Les comédiens, comme le texte le laisse clairement entendre, pourront jouer de la rupture entre personnage et interprète. Le spectacle commencera à l’accueil des spectateurs, avec une sommaire visite médicale et la prise de leurs mensurations. Il s’agira d’établir une connivence entre comédiens et spectateurs. Connivence qui doit dire « tout ceci n’est pas sérieux ». Il faut fuir tout ce qui nous rapprocherait d’un point de vue de moralisateur. Le pamphlet plutôt que le prêche, mais sans outrance, avec juste ce qu’il faut de décallage pour laisser voir une poésie comme chez Tati. Rapport scène/salle proche mais frontal.

4.    Il n’est pas question de représenter les organes et leur quête de manière réaliste. Un univers gore servirait de repoussoir, non d’adjuvant propice à la réflexion. Il y a donc une esthétique dépouillée. Aucun rappel visuel du rouge sanguinolent, au contraire, le froid du métal. 

Scénographie

La musique qui prie ou qui fait la guerre, les explosions et les survols d’hélicoptères… c’est le décor de ReQuiem.
Eh oui ! Le décor de ReQuiem est à l’extérieur.
Les personnages sont cernés. Ils sont à l’intérieur. Il y a oppression. Dehors c’est la guerre. Sortir est compliqué…
Le décor, ce n’est pas l’intérieur, qui n’a aucune nécessité d’être représenté, c’est la guerre qui est dehors.
Ce décor-là, le spectateur ne le voit pas… Il l’entend.
Sirènes d’alerte auxquelles les protagonistes accordent de moins en moins d’importance au fur et à mesure que les mois passent. Le décor sonore (et le jeu des comédiens qui en découle) donnera la sensation exacte du temps qui passe : la guerre se rapproche, et la lassitude des protagonistes augmente jusqu’au fatalisme, jusqu’au renoncement. Longue guerre. C’est Antoine Chao qui travaillera longuement cette partition sonore, qui sera le véritable décor de la pièce.

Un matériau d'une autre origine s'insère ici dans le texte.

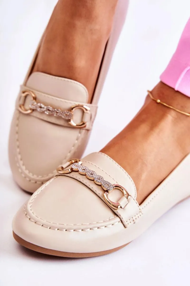 Eleganckie mokasyny osadzone na płaskim obcasie. Zostały wykonane z wysokiej jakości eko skóry z dbałością o każdy detal. Miękka wkładka z perforacją zadba o Twój komfort podczas użytkowania. Mokasyny sprawdzą się w wielu stylizacjach. Na przodzie znajduje się ozdobny element z dżetami imitującymi cyrkonie. Nosek zaokrąglony. Przy wyborze rozmiaru prosimy sugerować się tabelą rozmiarów.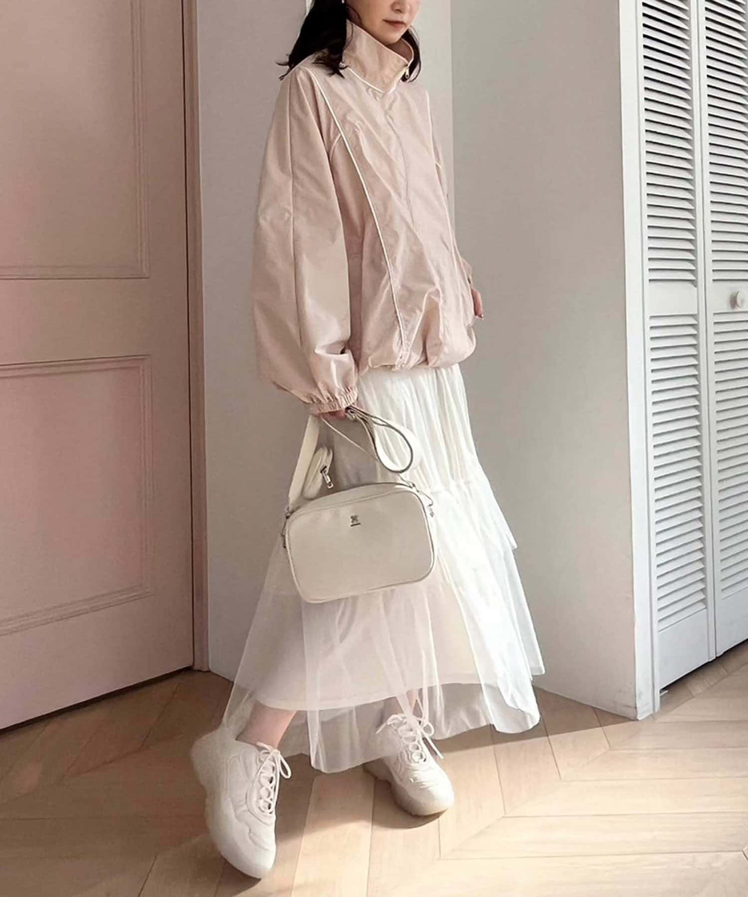 甘めなスタイリングに合わせていただくと抜け感がでて今年らしい印象に。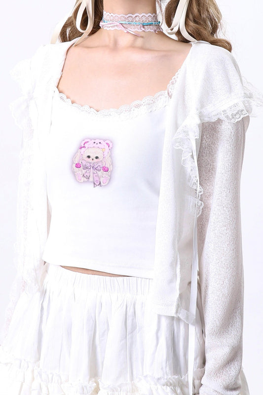 サマーニットバタフライアップリケトップ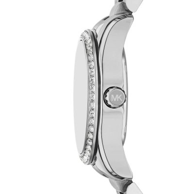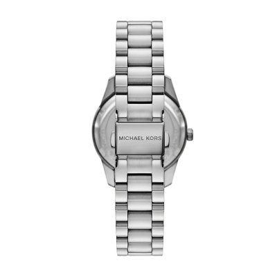 Diese Michael Kors Uhr hat ein Edelstahl Gehäuse mit einem Durchmesser von 34 mm und ist mit einem Armband aus Edelstahl versehen. In der Uhr arbeitet ein Miyota Uhrwerk. Das Glas der Uhr besteht aus Mineral - Glas.

Pour ce qui est de l’Intérieur, les 22 tableaux se déroulant dans de multiples espaces, c’est la nudité qui sera privilégiée. Cage de scène vide, murs noirs. Un lieu en état d’inactivité. Et la lumière isolera de petites ambiances : autour de deux chaises ou de la table, d’un coffre ou de la « brouette de glacier de A a ». La lumière de Sylvie Mélis enveloppera tout le monde, dans la solitude des petits espaces confinés.

Un objet récurrent permettra d’établir les différents espaces : la « brouette de Aa ». Elle servira également de table pour le dîner, ou de table opératoire pour le chirurgien. Cette « brouette » sera entièrement métallique, conçue et réalisée par Thierry Grand (scénographe de « Ohne »). Cet objet sera multiforme, transformable.